Click here & scroll to page 4 for the online article.
To the Editor:
I am happy to return to questions about the purpose and strategy of the “Community Rights Based Ordinance” that the Town of Sangerville enacted by a 86 to 40 margin in September. The RBO was written outside of Town government by the Sangerville Community Rights Group, a group of concerned citizens in Sangerville, who are opposed to the proposed East/West Corridor.
The SCRG has no connections to Town government, even though many of our members are, or have been, involved in Town government. SCRG’s members are all graduates of the CELDF Democracy School, which graduated over 150 people in Sangerville and surrounding communities over the past year.
At Democracy School, we learned how the regulatory law process works; and how regulatory law, the kind of law enforced by the EPA and the DEP, favors corporate interests over the interests of local communities. We learned how corporations became “persons”, because the Court system, beginning in the early 1800’s, “found” corporations in the individual rights enunciated in the First Amendment of the U.S. Constitution. We learned that, as it stands today, communities, i.e., the municipal corporations, do not have the right to say “No” to unwanted corporate projects.

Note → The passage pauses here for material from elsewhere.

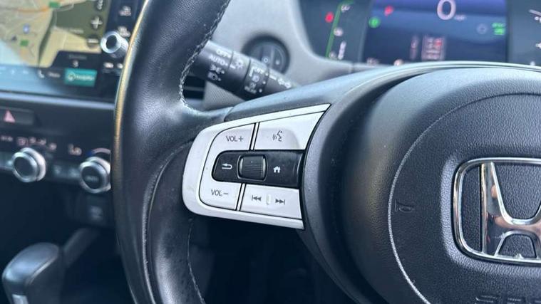 Adaptive cruise control, Adjustable speed limiter, Agile handling assist, Bluetooth hands free telephone connection, Econ mode, Electric power steering wheel with variable gear ratio steering, Emergency stop signalling system, Forward collision warning, Front and rear parking sensors, Honda CONNECT with HERE Navigation + 9" touchscreen, AM/FM/DAB/Apple Carplay and android auto, Idle stop, Intelligent speed limiter, Lane departure warning system, Lane keep assist system, Low speed following, Multi-information display, Rear view camera, Road departure mitigation, Traffic sign recognition, Vehicle stability assist, 'Shark fin' mobile antenna, 2 USB sockets in rear, 2x USB Front socket (1 data & 1 charge), Premium audio with 8 speakers, front tweeter, centre speaker, Remote audio controls on steering wheel, Subwoofer, Aspheric door mirrors, Auto wipers, Automatic headlights with on/off timer, Coming/leaving home function, Body colour door handles, eHEV emblem, Electric adjustable door mirrors, Electrically folding door mirrors, Exclusive styling includes Front and rear bumper, Front fog garnish, Black fender, side sill garnish, Front and rear electric windows, Heated door mirrors, High beam assist, LED daytime running lights, LED front fog lights, LED Headlights, LED rear lights, Privacy glass, Roof rails, Silver door mirrors, Single exhaust tailpipe, 60/40 split rear bench seat, Cargo net hooks, Climate control air conditioning, Driver and front passenger seat armrests, Driver and passenger front seat pockets, Driver's seat height adjustment, Fabric/Water repellent upholstery, Front accessory power socket, Front head restraints, Front map lights, Front/rear courtesy lights, Heated front seats, Isofix child seat restraint mechanism, Isofix points, Leather gearshift knob, Leather steering wheel, Magic seat flexibility system, Paddle shift controls, Plating interior door handles, Rear head restraints, Rear parcel shelf, Sunvisors with vanity mirrors, Tilt/telescopic adjustable steering wheel, Tonneau cover, Trunk light, 3x3 point rear seatbelts, Anti-lock braking system (ABS), Brake assist function, Brake hold function, Collision mitigation braking system, Deflation warning system, Driver knee airbag, Driver SRS airbag (single stage inflation), Driver/Front Passenger airbags, Electric parking brake, Front and rear side curtain airbag, Front side airbags, Hill start assist, Passenger SRS airbag cut-off device, Rear side airbags, Whiplash lessening front headrests, Front seat belt with emergency locking retractor, Honda super locks, Immobiliser, Mirrors and windows key fob operation, Remote central locking with 2 remote folding keys, Security alarm, Smart entry + Smart start, Soft pad mesh interior panels, 16" AL Crosstar alloy wheels in mat berlina black, Tyre repair kit,

But, we also learned about CELDF’s Community Rights-Based Ordinance, whereby we, as a community, can assert our “inalienable and indefeasible right to institute government, and to alter, reform, or totally change the same, when their safety and happiness require it.” (Art.1, Sec.2, Maine State Constitution) Inalienable means that these rights cannot be given away by, or taken away from the possessor. And indefeasible means that our rights cannot be lost, defeated or overturned. We have the right to change government when it does not suit us. Our Legislature practices this right at every session, and we, Townspeople, exercise this right at every Town Meeting. This is the Right to Self-Governance.
In respect to the threat of the Corridor, there are many paths of resistance. The SCRG choose to write the Sangerville RBO first, because it could be done quickly. Regulatory law, written through the Planning Board and lawyers, can take years. It is essential that RBO’s be put into place before the unwanted project goes into “permitting” with the DEP or the Army Corp. of Engineers. By enacting our RBO in September, we have ensured that, since the Corridor does not officially exist yet, that any corporation building a corridor will not have “standing” in a suit against the Town. They are not “vested” because they have not been injured by our actions. We said “No” before they started.
Our RBO asserts we value clean air and water, a healthy climate, the scenic beauty of our land, and our commitment to sustainable infrastructure. We, also, specifically, assert the our right to self-governance. This is an extremely important statement for Sangerville, because we failed to pass a Comprehensive Plan. If the RBO ever is challenged, one of the considerations the judge will face will be to determine the intent of the Town at the time the RBO was enacted. With no Comp. Plan, the Bill of Rights section of the RBO, serves as a statement of our values and intent.
Some people, in Sangerville, labor under the misconception, that the Select Board must develop and write all ordinances. Nothing is further from the truth. The Select Board is the Administrative Branch of Town Government. Our responsibility is to take the direction the Town gives us at our Annual Town Meeting, and make sure that the money and the projects authorized by the legislative body, i.e., the people who came and voted at Town Meeting, are expended and carried out as they wished until the Town Meeting reconvenes. The SCRG, by developing the RBO and bringing it, through petition, to a vote of the Town, has demonstrated that the people, themselves, direct Town Government.
As a Select Board, we are taking the initial steps toward developing a Road Ordinance. Anyone involved town politics understands how divisive an issue roads can be. A “rulebook” that spells out how we build, maintain, and manage the roads in Sangerville can only help. If there are sections of that proposed Ordinance that prohibit corridors, then that is all to the good.
Sangerville has received State and national kudos for its first-in-the-nation infrastructure RBO, as well. People report being moved and awed by the model Town Meeting that we all participated in on September 18th. (They saw it on YouTube.) We can be proud of our positive contribution. Any of the members of the SCRG would be happy to explain any part of the ordinance to anyone who still has questions. My father taught me, as a child, not to mock the things I don’t understand, but to go out and seek answers.